Sanger Sequencing Steps & Method

What is Sanger Sequencing?

Sanger sequencing, also known as the “chain termination method”, is a method for determining the nucleotide sequence of DNA. The method was developed by two time Nobel Laureate Frederick Sanger and his colleagues in 1977, hence the name the Sanger Sequence.

Sanger Sequencing Steps

There are three main steps to Sanger sequencing.

1. The first step is generating n DNA fragments of varying lengths, each terminated with a labeled nucleotide, where n is the number of nucleotide bases in the target DNA sequence. This is done by combining DNA primer, nucleotides (dATP, dCTP, dGTP, dTTP), DNA polymerase, the DNA sequence of interest, and labeled dideoxynucleotides (ddATP, ddCTP, ddGTP, ddTTP). No nucleotide can be added to the DNA chain once a dideoxynucleotides has been incorporated, so each fragment will end with a labeled nucleotide. A much smaller amount of dideoxynucleotides is used than the amount of regular nucleotides.

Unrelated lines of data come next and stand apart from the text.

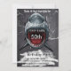 Invitación de cumpleaños de tiburones en huelga. Personalice su información.
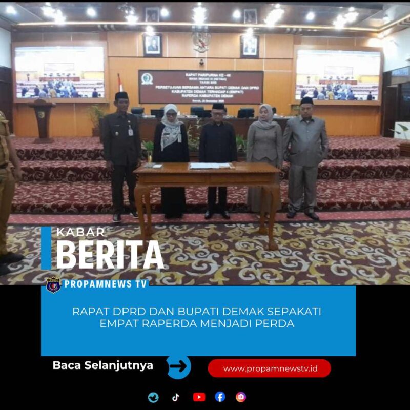 Demak //propamnewstv.id , Dewan Perwakilan Rakyat Daerah (DPRD) Kabupaten Demak bersama Bupati Demak secara resmi menyepakati empat Rancangan Peraturan Daerah (Raperda) untuk ditetapkan menjadi Peraturan Daerah (Perda). Persetujuan tersebut diambil dalam rapat paripurna bertajuk Persetujuan Bersama DPRD dan Bupati terhadap Empat Rancangan Peraturan Daerah Kabupaten Demak yang digelar di ruang rapat paripurna DPRD Demak, Jawa Tengah, Selasa (23/12/2025).
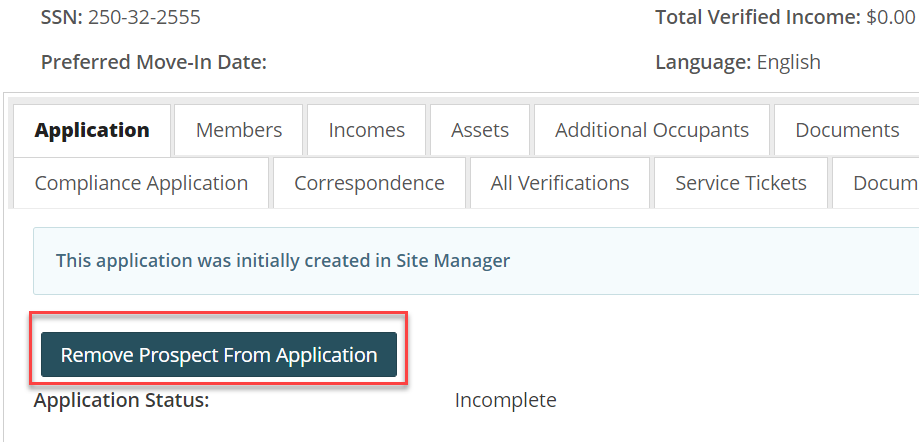 The permission Compliance - Remove Prospect From Application controls a user's ability to use this feature. Remove Prospect from Application will only be available if the site manager has the permission set, the application is a site manager created application, a prospect has been linked to the application and the application has not already been submitted.
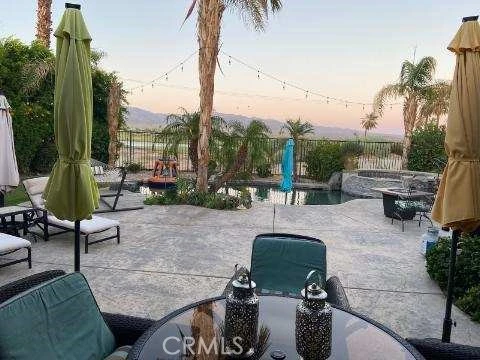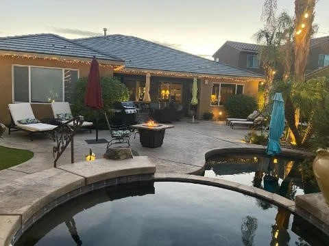 LEASE FOR THE MONTH OF APRIL. Beautiful tropical resort, 3 bed, 2 bath home.(Sleeper couch is a queen, sleeps 2) House sleeps 9. Another twin over full bunk bed can be put in the house to accomodate another 3 sleep) Gorgeous pebble tech salt water pool, extra deep spa with custom stone spillway. Great views of Terra Lago golf course and lake with mountains as back drop. Ample backyard seating areas with propane fire table, outdoor TV and ceiling fan and BBQ. Electrical has been upgraded to 50 amp service. Community has a Golf Course in it's back yard, Clubhouse, Lap Pool & Kids Pool with change rooms and showers, Community Spa, pool table, patio area overlooking a 3 acre lake. Direct cable tv as well as 5G internet included. Close to casino's, Palm Springs, pickleball courts, hiking trails, Coachella Fest, Stagecoach, Acrisure Arena and many more attractions. House is for sale, lease to be written into purchase
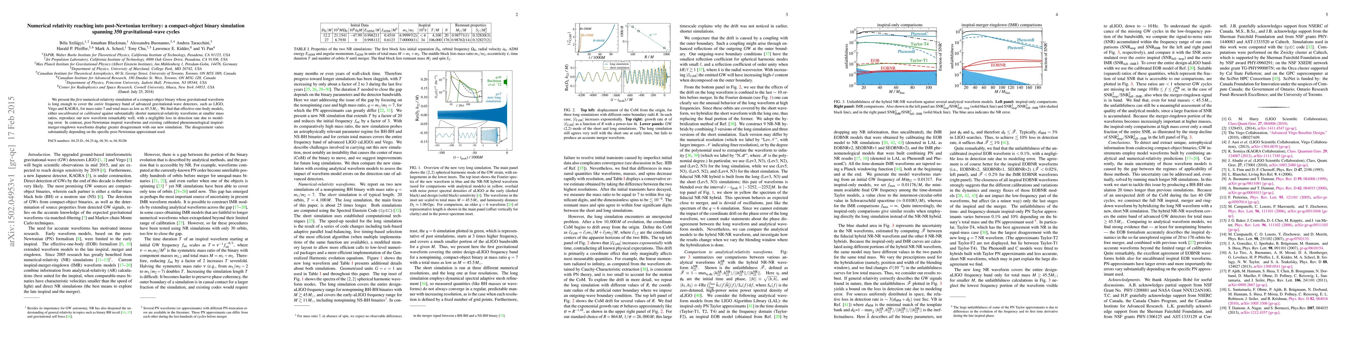 This paper reports a groundbreaking numerical-relativity simulation of a compact-object binary spanning 350 gravitational-wave cycles, covering the detection band of advanced detectors like LIGO. Effective-one-body models show minimal loss in detection rate compared to post-Newtonian and phenomenological models, which exhibit greater discrepancies.
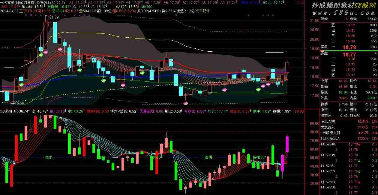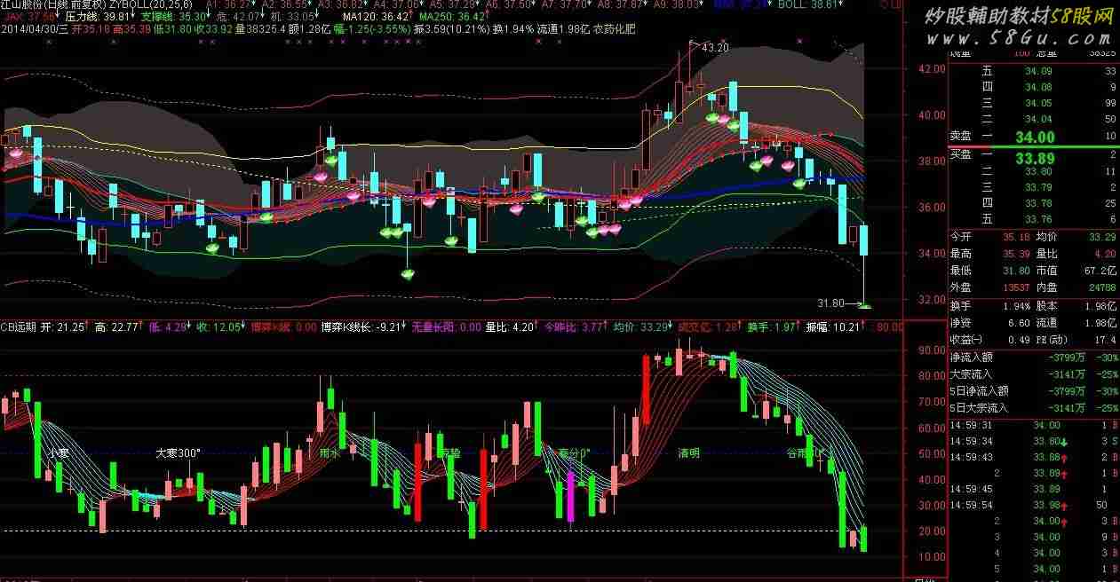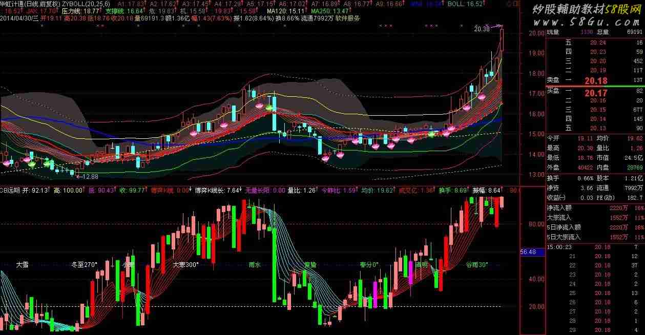 将原创远期成本分布带加入博弈K和24节气 做成一个副图 无未来函数,不喜者勿下 谢谢!{博弈K线}开:WINNER(O)*100,LINETHICK0,COLORWHITE;高:WINNER(H)*100,LINETHICK0,COLORBLUE;低:WINNER(L)*100,LINETHICK0,COLORCYAN;收:WINNER(C)*100,LINETHICK0,COLORGREEN;博弈K线:收-开>20,COLORRED,NODRAW;博弈K线长:收-开,COLORWHITE,NODRAW;无量长阳:收-开>16 AND V/CAPITAL<0.03,COLORMAGENTA,NODRAW;VAR111:=DYNAINFO(17)*REF(MA(VOL,5),1);VAR222:=DYNAINFO(7)=CLOSE AND DYNAINFO(10)=AMOUNT;量比:IF(VAR222,DYNAINFO(17),V/REF(MA(V,5),1)),COLORWHITE,NODRAW;今昨比:IF(VAR222,VAR111/REF(V,1),V/REF(V,1))COLORMAGENTA,NODRAW;均价:AMO/V/100,COLORLIBLUE,NODRAW;成交亿:IF(VAR222,1/FROMOPEN*240,1)*AMO/100000000,COLORRED,NODRAW;换手:IF(VAR222,VAR111,V)/CAPITAL*100,COLORGREEN,NODRAW;振幅:(H-L)/REF(C,1)*100,NODRAW;080,COLORRED,DOTLINE;050,COLORBLUE,DOTLINE;020,COLORWHITE,DOTLINE;VAR1:=(4*CLOSE+HIGH+LOW+2*OPEN)/8;P1:100*(PWINNER(1,VAR1)+PWINNER(2,VAR1)+PWINNER(3,VAR1)+PWINNER(5,VAR1)+PWINNER(8,VAR1)+PWINNER(13,VAR1)+PWINNER(21,VAR1)+PWINNER(34,VAR1))/8,COLORRED;P2:EMA(P1,2),COLORRED;P3:EMA(P2,2),COLORRED;P4:EMA(P3,2),COLORRED;P5:EMA(P4,2),COLORRED;P6:EMA(P5,2),COLORRED;P7:EMA(P6,2),COLORRED;P8:EMA(P7,2),COLORRED;P9:EMA(P8,2),COLORRED;IF(P1<REF(P1,1),P1,DRAWNULL)COLORCYAN;IF(P2<REF(P2,1),P2,DRAWNULL)COLORCYAN;IF(P3<REF(P3,1),P3,DRAWNULL)COLORCYAN;IF(P4<REF(P4,1),P4,DRAWNULL)COLORCYAN;IF(P5<REF(P5,1),P5,DRAWNULL)COLORCYAN;IF(P6<REF(P6,1),P6,DRAWNULL)COLORCYAN;IF(P7<REF(P7,1),P7,DRAWNULL)COLORCYAN;IF(P8<REF(P8,1),P8,DRAWNULL)COLORCYAN;IF(P9<REF(P9,1),P9,DRAWNULL)COLORCYAN;STICKLINE(收>=开,开,收,2,0),COLORLIRED;STICKLINE(收>=开,低,高,0,0),COLORLIRED;STICKLINE(收<开,开,收,2,0),COLORGREEN;STICKLINE(收<开,收,高,0,0),COLORGREEN;STICKLINE(无量长阳,开,收,2,0),COLORMAGENTA;STICKLINE(无量长阳,低,高,0,0),COLORMAGENTA;STICKLINE(博弈K线,开,收,2,0),COLORRED;STICKLINE(博弈K线,低,高,0,0),COLORRED;立春:=FILTER(MONTH=2 AND (DAY=3 OR DAY=5 ),2);雨水:=FILTER(MONTH=2 AND (DAY=18 OR DAY=20),2);惊蛰:=FILTER(MONTH=3 AND (DAY=5 OR DAY=7 ),2);春分:=FILTER(MONTH=3 AND (DAY=20 OR DAY=22),2);清明:=FILTER(MONTH=4 AND (DAY=4 OR DAY=6 ),2);谷雨:=FILTER(MONTH=4 AND (DAY=19 OR DAY=21),2);立夏:=FILTER(MONTH=5 AND (DAY=6 OR DAY=8 ),2);小满:=FILTER(MONTH=5 AND (DAY=20 OR DAY=22),2);芒种:=FILTER(MONTH=6 AND (DAY=5 OR DAY=7 ),2);夏至:=FILTER(MONTH=6 AND (DAY=20 OR DAY=22),2);小暑:=FILTER(MONTH=7 AND (DAY=6 OR DAY=8 ),2);大署:=FILTER(MONTH=7 AND (DAY=22 OR DAY=24),2);立秋:=FILTER(MONTH=8 AND (DAY=7 OR DAY=9 ),2);处暑:=FILTER(MONTH=8 AND (DAY=22 OR DAY=24),2);白露:=FILTER(MONTH=9 AND (DAY=7 OR DAY=9 ),2);秋分:=FILTER(MONTH=9 AND (DAY=22 OR DAY=24),2);寒露:=FILTER(MONTH=10 AND (DAY=7 OR DAY=9 ),2);霜降:=FILTER(MONTH=10 AND (DAY=22 OR DAY=24),2);立冬:=FILTER(MONTH=11 AND (DAY=7 OR DAY=9 ),2);小雪:=FILTER(MONTH=11 AND (DAY=22 OR DAY=24),2);大雪:=FILTER(MONTH=12 AND (DAY=6 OR DAY=8 ),2);冬至:=FILTER(MONTH=12 AND (DAY=21 OR DAY=23),2);小寒:=FILTER(MONTH=1 AND (DAY=5 OR DAY=7 ),2);大寒:=FILTER(MONTH=1 AND (DAY=19 OR DAY=21),2);DRAWTEXT(立春,50,'立春315°'),COLORGREEN;DRAWTEXT(雨水,050,'雨水'),COLORGREEN;DRAWTEXT(惊蛰,050,'惊蛰'),COLORGREEN;DRAWTEXT(春分,50,'春分0°'),COLORGREEN;DRAWTEXT(清明,050,'清明'),COLORGREEN;DRAWTEXT(谷雨,50,'谷雨30°'),COLORGREEN;DRAWTEXT(立夏,50,'立夏45°'),COLORMAGENTA;DRAWTEXT(小满,50,'小满60°'),COLORMAGENTA;DRAWTEXT(芒种,50,'芒种'),COLORMAGENTA;DRAWTEXT(夏至,50,'夏至90°'),COLORMAGENTA;DRAWTEXT(小暑,50,'小暑'),COLORMAGENTA;DRAWTEXT(大署,50,'大署120°'),COLORMAGENTA;DRAWTEXT(立秋,050,'立秋135°'),COLORYELLOW;DRAWTEXT(处暑,050,'处暑'),COLORYELLOW;DRAWTEXT(白露,050,'白露'),COLORYELLOW;DRAWTEXT(秋分,050,'秋分180°'),COLORYELLOW;DRAWTEXT(寒露,050,'寒露'),COLORYELLOW;DRAWTEXT(霜降,050,'霜降'),COLORYELLOW;DRAWTEXT(立冬,050,'立冬225°'),COLORWHITE;DRAWTEXT(小雪,050,'小雪240°'),COLORWHITE;DRAWTEXT(大雪,050,'大雪'),COLORWHITE;DRAWTEXT(冬至,050,'冬至270°'),COLORWHITE;DRAWTEXT(小寒,050,'小寒'),COLORWHITE;DRAWTEXT(大寒,050,'大寒300°'),COLORWHITE;   |
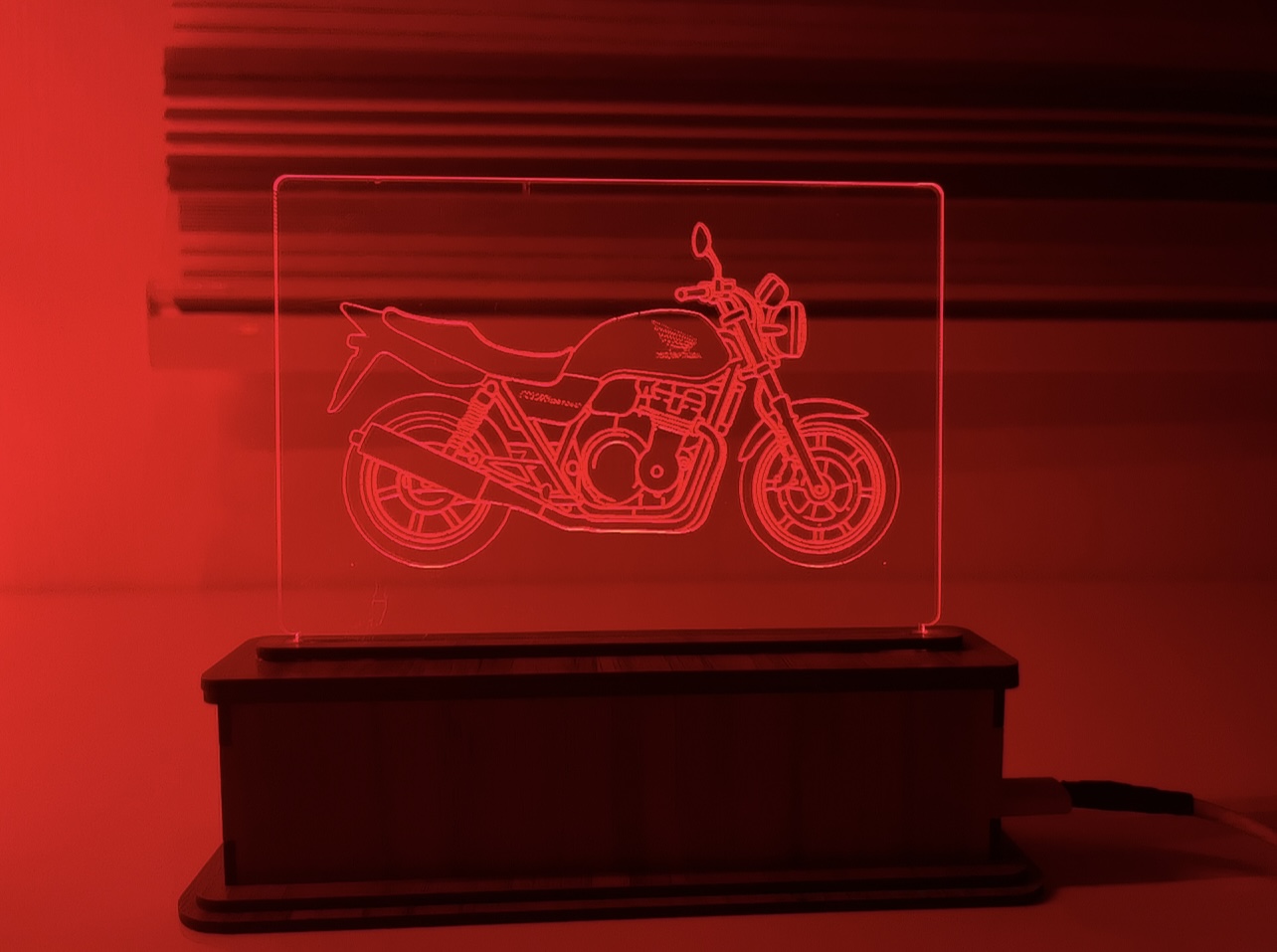 بالبینگ cb1300 یه چراغ خواب خفن با نور ملایم کلاسیک مخصوص عاشقان موتور . ابعاد بدون پایه ۱۵در۱۱ سانت با اتصال کابل تایپ سی روشن میشه و دیگه نیازی به ادابتور نیست
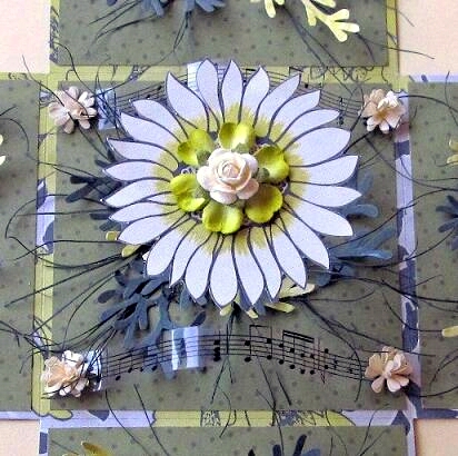 Вырезала большой главный цветок, приклеила его к основе, и сверху еще два цветка.
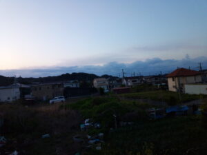 5時20分の空。4分後に日の出です。山の上に上がって来るのは50分頃かな。
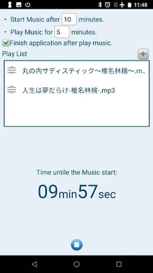 ・The music will stop after the specified time.
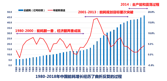 東北限電事件并非第一次出現(xiàn)的重大能源供需問題。過去20年(圖3),我國能源供需情況始終處于能源供需建設(shè)不匹配的震蕩之中。2000年后,因?yàn)槟茉葱枨蟪鲱A(yù)期,屢次突破規(guī)劃值導(dǎo)致能源供應(yīng)手忙腳亂。當(dāng)時(shí)也是一輪全國性的煤電油運(yùn)全面緊張,并刺激了之后能源供應(yīng)產(chǎn)能的建設(shè)。2008年金融危機(jī)之后,不管是能源供應(yīng)和需求的產(chǎn)能建設(shè)都有所放緩,但恢復(fù)經(jīng)濟(jì)的四萬億投資計(jì)劃又刺激了產(chǎn)能建設(shè)并加劇了能源供應(yīng)的產(chǎn)能擴(kuò)張。2014年之后,出現(xiàn)了嚴(yán)重的產(chǎn)能過剩以及供需的震蕩。到現(xiàn)在又再次出現(xiàn)了能源供應(yīng)緊張、缺電限電的局面。這說明我們國家在這方面的能力上仍然有待完善,能源與經(jīng)濟(jì)不協(xié)調(diào)的問題依然存在。能源供應(yīng)的建設(shè)節(jié)奏總是不能及時(shí)地跟上經(jīng)濟(jì)發(fā)展的變化,相互之間總有不協(xié)調(diào)的問題存在。

2. The second step is to separate the n DNA sequences be length using capillary gel electrophoresis. The shorter fragments move faster than the longer fragments. The result is that the DNA pieces are fed into the third step from shortest to longest sequence.

3. In the third step a laser excites the label on the nucleotide at the end of each sequence. Each base is tagged with a different label, so the light emitted by each excited nucleotide can be tied to the correct base. The laser generates a chromatogram showing the fluorescent peak of each nucleotide. The chromatogram has the nucleotides in the correct order because of the electrophoresis.

(Note that the reaction can be done by putting all 4 dideoxynucleotides in one mix with the template, or 4 separate reactions can be set up. If four reactions are set up, then each group of dideoxynucleotide fragments is put in a different lane in the gel for separation and reading. The principles remain the same though.)

DNA structure with base, sugar and phospate enlarged. In sanger Sequencing "n" fragments of DNA are generated each with a terminating with a labeled nucleotide.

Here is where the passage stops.